--- Available records ---
□ □ □ □ □

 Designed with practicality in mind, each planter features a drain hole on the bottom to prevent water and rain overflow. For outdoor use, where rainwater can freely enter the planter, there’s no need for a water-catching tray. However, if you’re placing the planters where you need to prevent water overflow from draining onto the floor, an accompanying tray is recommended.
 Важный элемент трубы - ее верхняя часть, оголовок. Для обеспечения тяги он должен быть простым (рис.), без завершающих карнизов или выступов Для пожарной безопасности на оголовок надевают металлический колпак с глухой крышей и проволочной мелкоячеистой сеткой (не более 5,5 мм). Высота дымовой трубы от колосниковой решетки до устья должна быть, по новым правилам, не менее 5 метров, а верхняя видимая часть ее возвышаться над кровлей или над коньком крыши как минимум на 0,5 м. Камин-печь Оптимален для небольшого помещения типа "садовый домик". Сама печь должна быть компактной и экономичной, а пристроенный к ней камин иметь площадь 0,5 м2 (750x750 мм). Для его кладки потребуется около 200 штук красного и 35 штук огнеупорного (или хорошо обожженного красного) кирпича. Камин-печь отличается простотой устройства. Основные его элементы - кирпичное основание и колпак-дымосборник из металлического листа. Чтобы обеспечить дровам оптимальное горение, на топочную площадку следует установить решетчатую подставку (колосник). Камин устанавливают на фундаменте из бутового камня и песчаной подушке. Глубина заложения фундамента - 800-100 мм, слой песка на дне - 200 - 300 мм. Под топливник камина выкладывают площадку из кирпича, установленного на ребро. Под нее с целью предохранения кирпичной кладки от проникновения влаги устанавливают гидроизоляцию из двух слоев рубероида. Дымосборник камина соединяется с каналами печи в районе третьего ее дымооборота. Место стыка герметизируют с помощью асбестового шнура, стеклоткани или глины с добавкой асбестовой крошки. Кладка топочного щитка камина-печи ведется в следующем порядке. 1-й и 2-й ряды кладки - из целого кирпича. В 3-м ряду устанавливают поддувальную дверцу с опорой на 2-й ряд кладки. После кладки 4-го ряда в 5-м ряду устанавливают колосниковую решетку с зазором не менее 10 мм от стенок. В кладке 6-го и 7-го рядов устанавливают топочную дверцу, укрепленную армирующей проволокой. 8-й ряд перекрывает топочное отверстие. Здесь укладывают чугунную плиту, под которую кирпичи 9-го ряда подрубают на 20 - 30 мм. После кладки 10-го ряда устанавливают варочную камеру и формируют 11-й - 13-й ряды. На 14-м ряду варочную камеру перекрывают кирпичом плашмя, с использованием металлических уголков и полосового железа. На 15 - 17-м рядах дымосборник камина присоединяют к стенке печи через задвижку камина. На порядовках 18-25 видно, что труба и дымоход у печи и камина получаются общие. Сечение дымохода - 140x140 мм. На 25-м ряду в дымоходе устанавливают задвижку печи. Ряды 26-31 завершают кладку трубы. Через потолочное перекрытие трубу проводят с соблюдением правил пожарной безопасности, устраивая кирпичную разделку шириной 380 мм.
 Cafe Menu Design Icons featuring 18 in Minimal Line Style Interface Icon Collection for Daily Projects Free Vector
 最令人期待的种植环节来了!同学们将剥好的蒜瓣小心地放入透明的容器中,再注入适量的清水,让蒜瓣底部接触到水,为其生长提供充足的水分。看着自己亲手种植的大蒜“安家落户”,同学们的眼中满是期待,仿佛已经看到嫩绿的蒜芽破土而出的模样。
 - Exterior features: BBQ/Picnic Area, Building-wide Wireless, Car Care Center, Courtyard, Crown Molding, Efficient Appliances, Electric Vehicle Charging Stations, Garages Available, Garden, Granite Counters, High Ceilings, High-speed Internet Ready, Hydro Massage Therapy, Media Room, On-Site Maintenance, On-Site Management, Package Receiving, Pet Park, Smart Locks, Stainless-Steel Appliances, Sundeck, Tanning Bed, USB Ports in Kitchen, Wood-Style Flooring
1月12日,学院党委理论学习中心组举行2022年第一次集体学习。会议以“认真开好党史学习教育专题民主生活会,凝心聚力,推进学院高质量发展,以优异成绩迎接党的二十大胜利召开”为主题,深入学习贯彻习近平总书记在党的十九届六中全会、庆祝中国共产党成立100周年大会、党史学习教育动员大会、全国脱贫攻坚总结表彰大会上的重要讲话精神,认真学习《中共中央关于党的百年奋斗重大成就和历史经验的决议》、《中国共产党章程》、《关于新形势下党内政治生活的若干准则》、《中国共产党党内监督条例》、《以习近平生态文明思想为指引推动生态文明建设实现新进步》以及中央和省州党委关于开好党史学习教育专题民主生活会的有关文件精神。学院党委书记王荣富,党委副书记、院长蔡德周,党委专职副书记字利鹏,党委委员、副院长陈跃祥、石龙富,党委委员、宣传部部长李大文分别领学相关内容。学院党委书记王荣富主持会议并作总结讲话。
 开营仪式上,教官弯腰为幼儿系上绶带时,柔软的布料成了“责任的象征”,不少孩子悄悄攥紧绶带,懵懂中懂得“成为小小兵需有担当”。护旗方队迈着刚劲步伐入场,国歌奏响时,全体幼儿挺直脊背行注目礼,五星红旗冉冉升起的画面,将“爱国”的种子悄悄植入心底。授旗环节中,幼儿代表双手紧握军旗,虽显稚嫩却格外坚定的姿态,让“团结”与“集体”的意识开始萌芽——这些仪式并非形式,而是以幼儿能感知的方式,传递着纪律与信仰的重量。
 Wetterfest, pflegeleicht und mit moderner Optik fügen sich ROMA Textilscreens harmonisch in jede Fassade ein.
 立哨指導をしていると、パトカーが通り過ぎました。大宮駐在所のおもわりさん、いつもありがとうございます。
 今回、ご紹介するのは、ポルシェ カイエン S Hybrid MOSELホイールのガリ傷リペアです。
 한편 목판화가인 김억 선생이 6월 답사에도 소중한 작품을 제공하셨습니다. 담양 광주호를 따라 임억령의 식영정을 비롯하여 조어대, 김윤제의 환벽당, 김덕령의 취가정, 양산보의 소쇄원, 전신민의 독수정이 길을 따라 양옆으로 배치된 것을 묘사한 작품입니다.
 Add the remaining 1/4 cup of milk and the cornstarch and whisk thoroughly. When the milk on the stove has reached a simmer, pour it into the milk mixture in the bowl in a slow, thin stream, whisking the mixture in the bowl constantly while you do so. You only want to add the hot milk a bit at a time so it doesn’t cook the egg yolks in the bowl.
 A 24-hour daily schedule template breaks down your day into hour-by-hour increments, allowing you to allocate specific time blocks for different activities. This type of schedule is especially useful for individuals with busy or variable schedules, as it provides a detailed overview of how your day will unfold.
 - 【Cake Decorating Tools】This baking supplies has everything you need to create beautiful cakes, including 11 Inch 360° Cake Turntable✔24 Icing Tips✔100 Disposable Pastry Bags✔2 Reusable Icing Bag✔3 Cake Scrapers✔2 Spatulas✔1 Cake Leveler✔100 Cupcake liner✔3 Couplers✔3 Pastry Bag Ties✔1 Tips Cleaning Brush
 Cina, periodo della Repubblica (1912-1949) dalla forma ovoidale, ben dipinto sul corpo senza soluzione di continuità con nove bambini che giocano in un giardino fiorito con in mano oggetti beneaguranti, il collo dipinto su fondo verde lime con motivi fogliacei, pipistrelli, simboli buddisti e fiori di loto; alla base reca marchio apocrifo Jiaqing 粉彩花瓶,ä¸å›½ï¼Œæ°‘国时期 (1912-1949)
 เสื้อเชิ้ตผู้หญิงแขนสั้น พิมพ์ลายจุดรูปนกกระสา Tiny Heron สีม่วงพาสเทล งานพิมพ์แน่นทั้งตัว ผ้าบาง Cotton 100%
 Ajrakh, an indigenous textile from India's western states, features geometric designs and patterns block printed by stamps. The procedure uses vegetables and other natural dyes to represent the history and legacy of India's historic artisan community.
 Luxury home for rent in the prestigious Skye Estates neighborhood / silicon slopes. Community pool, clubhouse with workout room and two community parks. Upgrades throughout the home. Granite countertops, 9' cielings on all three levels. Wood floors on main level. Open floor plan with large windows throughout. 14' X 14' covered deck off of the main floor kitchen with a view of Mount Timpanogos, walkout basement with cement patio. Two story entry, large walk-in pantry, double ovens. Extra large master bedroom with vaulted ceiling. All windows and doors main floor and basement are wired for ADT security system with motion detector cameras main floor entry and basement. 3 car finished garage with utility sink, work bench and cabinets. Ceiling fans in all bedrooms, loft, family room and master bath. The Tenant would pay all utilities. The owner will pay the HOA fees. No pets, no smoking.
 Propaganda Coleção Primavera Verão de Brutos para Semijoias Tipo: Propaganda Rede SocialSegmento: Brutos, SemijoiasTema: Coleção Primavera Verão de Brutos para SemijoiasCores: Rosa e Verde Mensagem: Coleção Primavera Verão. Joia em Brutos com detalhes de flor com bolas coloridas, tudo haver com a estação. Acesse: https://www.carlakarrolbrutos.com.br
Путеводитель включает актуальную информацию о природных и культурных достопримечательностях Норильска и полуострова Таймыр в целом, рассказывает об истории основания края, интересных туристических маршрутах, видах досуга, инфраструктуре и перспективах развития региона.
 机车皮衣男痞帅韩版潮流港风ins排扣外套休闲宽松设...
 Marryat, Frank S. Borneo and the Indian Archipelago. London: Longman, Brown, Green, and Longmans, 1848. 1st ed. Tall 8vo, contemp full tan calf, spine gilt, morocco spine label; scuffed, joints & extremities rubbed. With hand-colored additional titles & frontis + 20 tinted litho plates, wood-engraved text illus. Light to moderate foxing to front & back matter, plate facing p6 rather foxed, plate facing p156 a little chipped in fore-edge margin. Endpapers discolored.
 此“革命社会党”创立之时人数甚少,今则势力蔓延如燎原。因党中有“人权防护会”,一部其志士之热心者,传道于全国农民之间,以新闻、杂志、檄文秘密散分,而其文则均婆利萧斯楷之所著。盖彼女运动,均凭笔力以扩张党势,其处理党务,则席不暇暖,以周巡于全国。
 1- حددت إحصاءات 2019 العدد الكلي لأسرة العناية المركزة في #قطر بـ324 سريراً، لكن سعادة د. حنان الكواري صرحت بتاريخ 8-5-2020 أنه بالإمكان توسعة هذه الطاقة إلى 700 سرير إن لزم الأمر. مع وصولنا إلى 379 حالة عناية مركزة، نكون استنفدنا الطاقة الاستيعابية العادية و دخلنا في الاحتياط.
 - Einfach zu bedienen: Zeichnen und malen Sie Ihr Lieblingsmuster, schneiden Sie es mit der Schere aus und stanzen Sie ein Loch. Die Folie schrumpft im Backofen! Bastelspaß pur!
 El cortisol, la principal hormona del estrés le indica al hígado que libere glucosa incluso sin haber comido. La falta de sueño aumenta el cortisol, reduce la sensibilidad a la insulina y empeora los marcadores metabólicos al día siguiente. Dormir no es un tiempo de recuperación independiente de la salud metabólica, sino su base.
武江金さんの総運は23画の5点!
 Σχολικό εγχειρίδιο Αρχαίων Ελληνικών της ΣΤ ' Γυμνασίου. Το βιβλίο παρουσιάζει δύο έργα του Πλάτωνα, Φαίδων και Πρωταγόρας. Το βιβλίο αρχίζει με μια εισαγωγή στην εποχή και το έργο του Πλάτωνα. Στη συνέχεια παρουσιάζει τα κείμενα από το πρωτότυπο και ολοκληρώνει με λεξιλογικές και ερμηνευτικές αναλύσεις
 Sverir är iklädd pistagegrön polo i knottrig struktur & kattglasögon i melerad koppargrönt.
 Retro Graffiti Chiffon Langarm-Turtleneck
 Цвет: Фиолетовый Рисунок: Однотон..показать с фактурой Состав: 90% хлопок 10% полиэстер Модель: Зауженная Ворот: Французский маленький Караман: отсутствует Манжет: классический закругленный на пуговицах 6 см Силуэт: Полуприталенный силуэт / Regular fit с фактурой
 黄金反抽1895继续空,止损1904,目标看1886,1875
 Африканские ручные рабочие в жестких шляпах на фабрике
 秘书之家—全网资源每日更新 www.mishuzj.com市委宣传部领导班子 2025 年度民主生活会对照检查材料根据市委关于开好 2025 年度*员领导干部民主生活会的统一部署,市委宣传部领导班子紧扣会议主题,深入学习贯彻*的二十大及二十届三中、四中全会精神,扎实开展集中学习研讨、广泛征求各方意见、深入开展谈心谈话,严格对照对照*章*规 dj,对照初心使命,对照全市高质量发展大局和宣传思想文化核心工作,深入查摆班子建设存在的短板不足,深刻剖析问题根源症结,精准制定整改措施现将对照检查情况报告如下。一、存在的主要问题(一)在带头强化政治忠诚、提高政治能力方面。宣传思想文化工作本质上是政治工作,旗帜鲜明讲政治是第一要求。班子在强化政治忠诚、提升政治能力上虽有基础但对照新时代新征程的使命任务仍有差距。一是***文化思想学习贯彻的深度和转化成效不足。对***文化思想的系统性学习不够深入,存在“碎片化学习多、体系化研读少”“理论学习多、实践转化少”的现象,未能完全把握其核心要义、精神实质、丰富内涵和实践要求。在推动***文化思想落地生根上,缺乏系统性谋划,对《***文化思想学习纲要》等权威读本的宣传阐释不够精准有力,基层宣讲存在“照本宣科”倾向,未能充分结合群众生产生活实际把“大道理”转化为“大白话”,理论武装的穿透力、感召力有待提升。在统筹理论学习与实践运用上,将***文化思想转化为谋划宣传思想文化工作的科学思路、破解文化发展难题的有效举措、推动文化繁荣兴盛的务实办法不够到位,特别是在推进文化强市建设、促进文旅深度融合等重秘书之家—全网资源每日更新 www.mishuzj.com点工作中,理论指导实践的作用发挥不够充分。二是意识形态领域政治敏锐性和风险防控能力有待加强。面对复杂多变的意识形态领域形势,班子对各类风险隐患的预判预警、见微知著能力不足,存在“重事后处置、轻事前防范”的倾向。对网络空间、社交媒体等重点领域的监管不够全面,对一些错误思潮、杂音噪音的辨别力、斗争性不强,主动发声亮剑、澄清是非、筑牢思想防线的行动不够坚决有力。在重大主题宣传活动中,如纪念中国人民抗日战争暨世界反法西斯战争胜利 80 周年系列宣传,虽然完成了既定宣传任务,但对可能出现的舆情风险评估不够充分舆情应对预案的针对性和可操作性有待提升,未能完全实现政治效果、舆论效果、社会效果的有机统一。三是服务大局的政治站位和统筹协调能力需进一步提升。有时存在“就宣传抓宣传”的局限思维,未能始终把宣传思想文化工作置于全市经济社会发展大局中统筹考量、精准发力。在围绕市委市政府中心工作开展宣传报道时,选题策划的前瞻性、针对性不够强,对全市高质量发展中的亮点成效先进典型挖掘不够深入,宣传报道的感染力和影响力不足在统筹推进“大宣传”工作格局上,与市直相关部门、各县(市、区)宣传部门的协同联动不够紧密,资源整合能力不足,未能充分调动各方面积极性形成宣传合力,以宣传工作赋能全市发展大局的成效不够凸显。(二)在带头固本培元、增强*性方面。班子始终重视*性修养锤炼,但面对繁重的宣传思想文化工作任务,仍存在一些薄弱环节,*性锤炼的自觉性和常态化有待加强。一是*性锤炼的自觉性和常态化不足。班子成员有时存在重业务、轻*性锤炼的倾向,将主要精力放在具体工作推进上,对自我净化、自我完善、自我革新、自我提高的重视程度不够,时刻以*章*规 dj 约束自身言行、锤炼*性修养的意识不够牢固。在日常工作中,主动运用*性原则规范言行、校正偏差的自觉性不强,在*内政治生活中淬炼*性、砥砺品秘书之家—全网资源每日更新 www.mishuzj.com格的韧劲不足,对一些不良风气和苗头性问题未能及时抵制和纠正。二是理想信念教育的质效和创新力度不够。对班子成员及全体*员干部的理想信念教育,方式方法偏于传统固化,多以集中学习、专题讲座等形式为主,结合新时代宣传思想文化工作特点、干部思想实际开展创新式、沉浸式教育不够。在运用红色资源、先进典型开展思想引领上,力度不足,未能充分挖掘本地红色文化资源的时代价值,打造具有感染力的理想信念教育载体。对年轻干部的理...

□ □ □ □ □

--- Action item ---
Find how many lines in the listing contain the word "from" and give that count alone.

--- Output ---
2